[Opening RECORDS TO USE section]
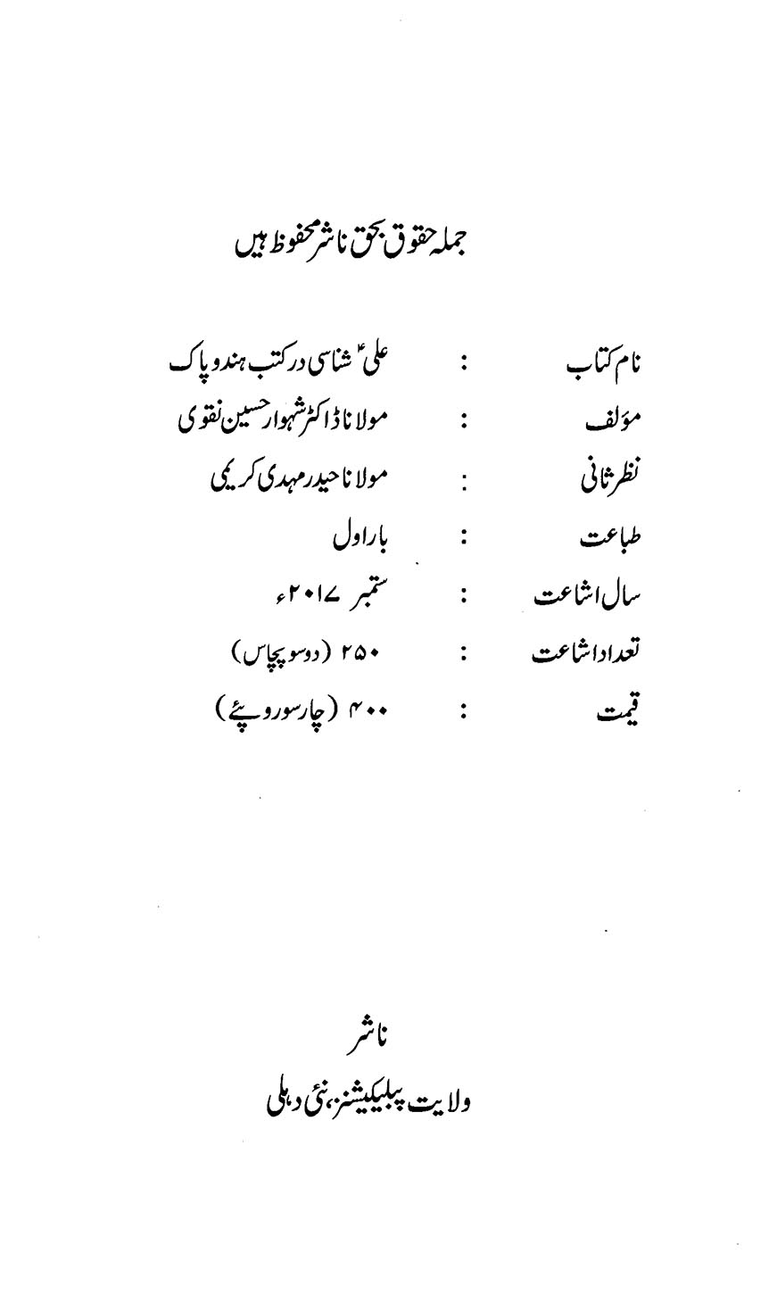 | شناسنامۀ کتاب | ناشرولایت محل نشردهلی نو تاریخ انتشار2017 چاپ اول زبان اردو |
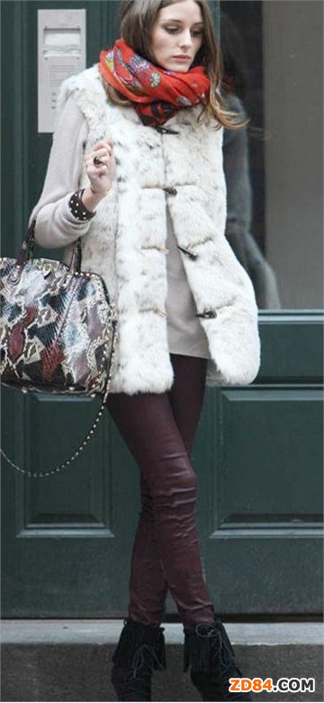 時(shí)尚解析:她是名媛的典范,話說(shuō)是緋聞女孩的現(xiàn)實(shí)版。皮草馬甲是冬天必備的單品,搭配流蘇靴和緊身褲,非常好看。
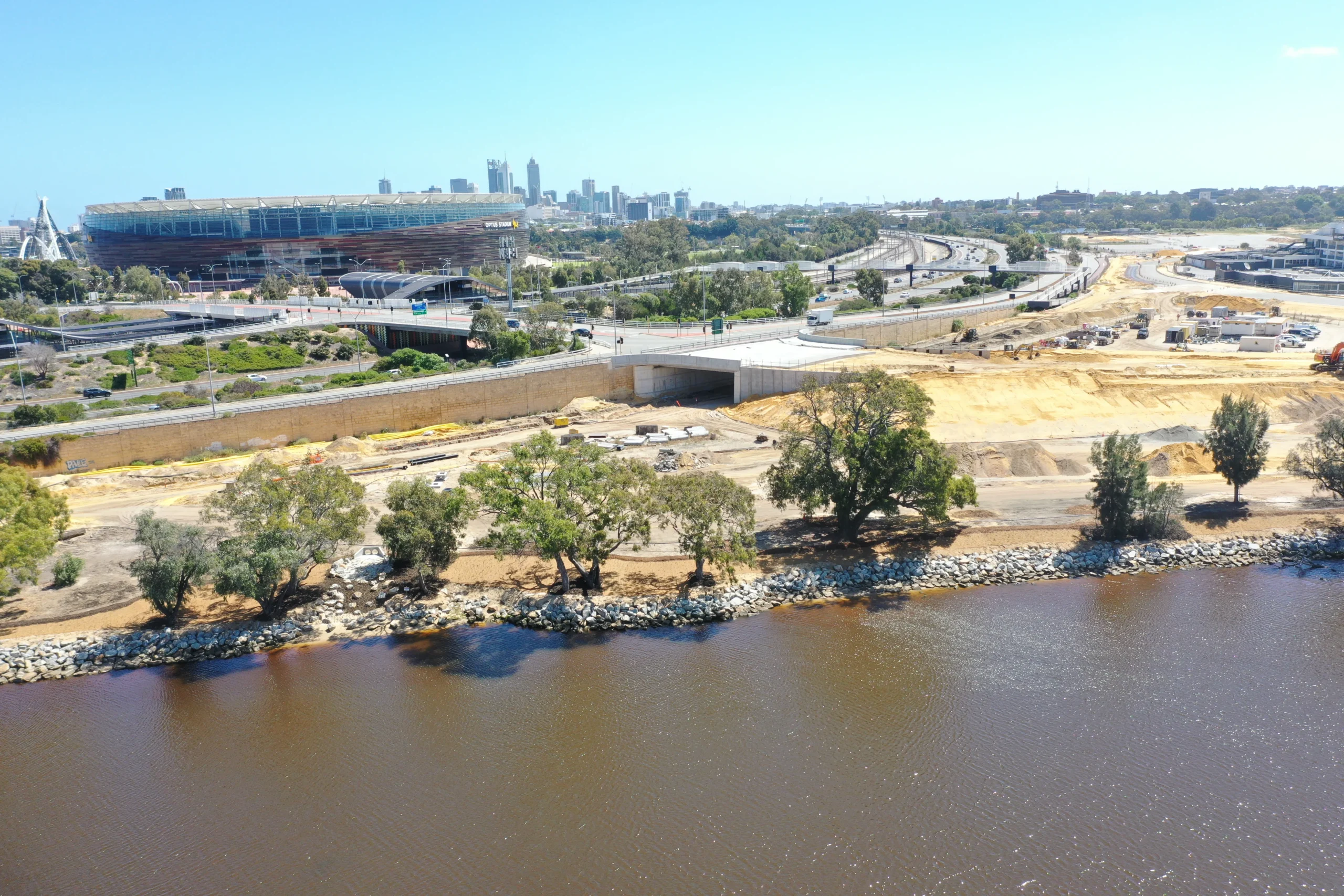 Golden Group, the investor for the Transit-oriented Development, has undertaken a project consisting of high-density residential, retail, hospitality, and commercial land uses. This development is strategically located on the banks of the Swan River, adjacent to Perth’s new Optus Stadium and Crown Perth resort in East Perth.
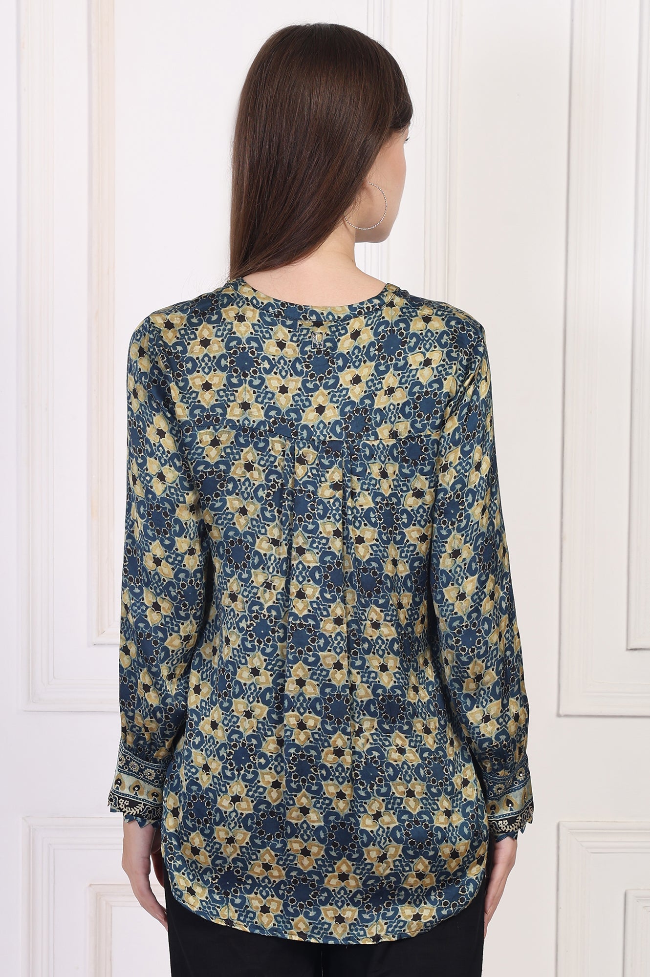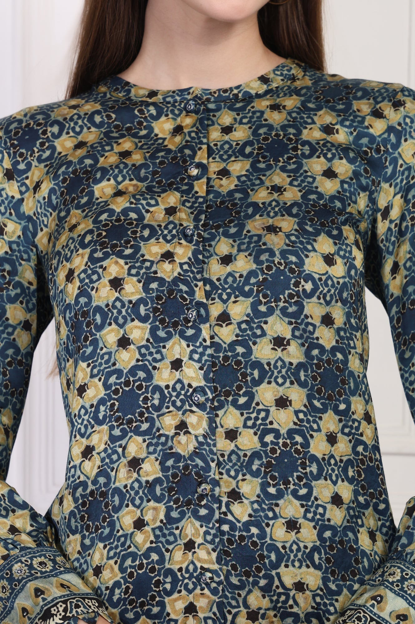 Effortlessly chic! This modal top for women features a captivating abstract print in a rich blue hue, complemented by a mandarin collar and long sleeves. The button-down design adds a touch of sophistication, while the straight silhouette ensures comfort and versatility. Perfect for casual outings or office wear, this breathable modal top is a must-have for your wardrobe. Pair it with tailored trousers or jeans for a polished look that transitions seamlessly from day to night.
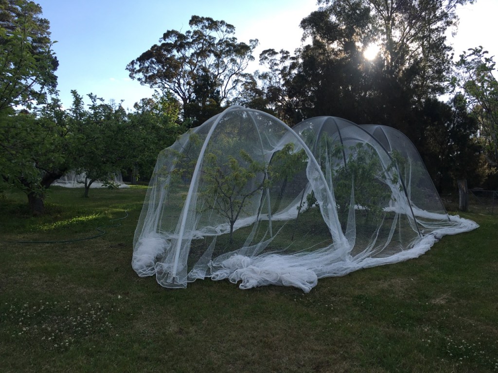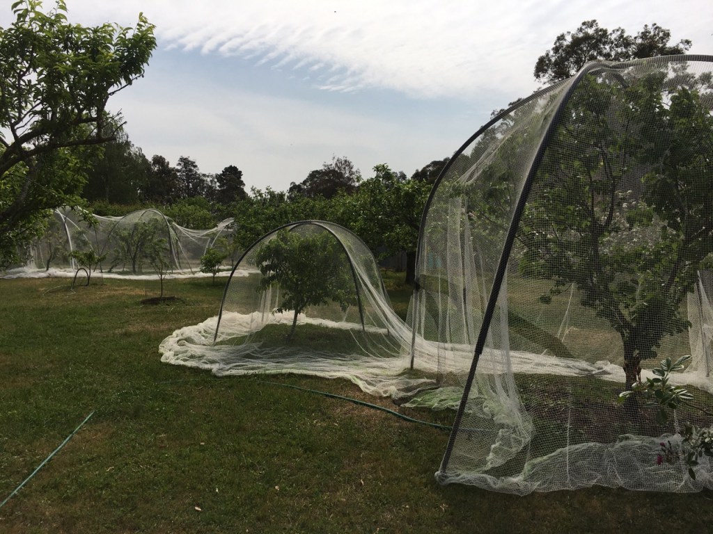 Janine and I set up the plastic pipe hoops and installed the netting over the peach tress in the stone fruit orchard 3 weeks ago as the fruit started to appear. These early peach trees develop their fruit so quickly. They swell from buds in no time flat.
[Closing RECORDS TO USE section]
### YOUR GOAL
Retype exactly the lines above, starting at the line containing "時(shí)尚解析:她是名媛" and ending with the last line, both included; leave out the pictures.

### REPLY TO THE TASK
 時(shí)尚解析:她是名媛的典范,話說(shuō)是緋聞女孩的現(xiàn)實(shí)版。皮草馬甲是冬天必備的單品,搭配流蘇靴和緊身褲,非常好看。
 Golden Group, the investor for the Transit-oriented Development, has undertaken a project consisting of high-density residential, retail, hospitality, and commercial land uses. This development is strategically located on the banks of the Swan River, adjacent to Perth’s new Optus Stadium and Crown Perth resort in East Perth.
 Effortlessly chic! This modal top for women features a captivating abstract print in a rich blue hue, complemented by a mandarin collar and long sleeves. The button-down design adds a touch of sophistication, while the straight silhouette ensures comfort and versatility. Perfect for casual outings or office wear, this breathable modal top is a must-have for your wardrobe. Pair it with tailored trousers or jeans for a polished look that transitions seamlessly from day to night.
 Janine and I set up the plastic pipe hoops and installed the netting over the peach tress in the stone fruit orchard 3 weeks ago as the fruit started to appear. These early peach trees develop their fruit so quickly. They swell from buds in no time flat.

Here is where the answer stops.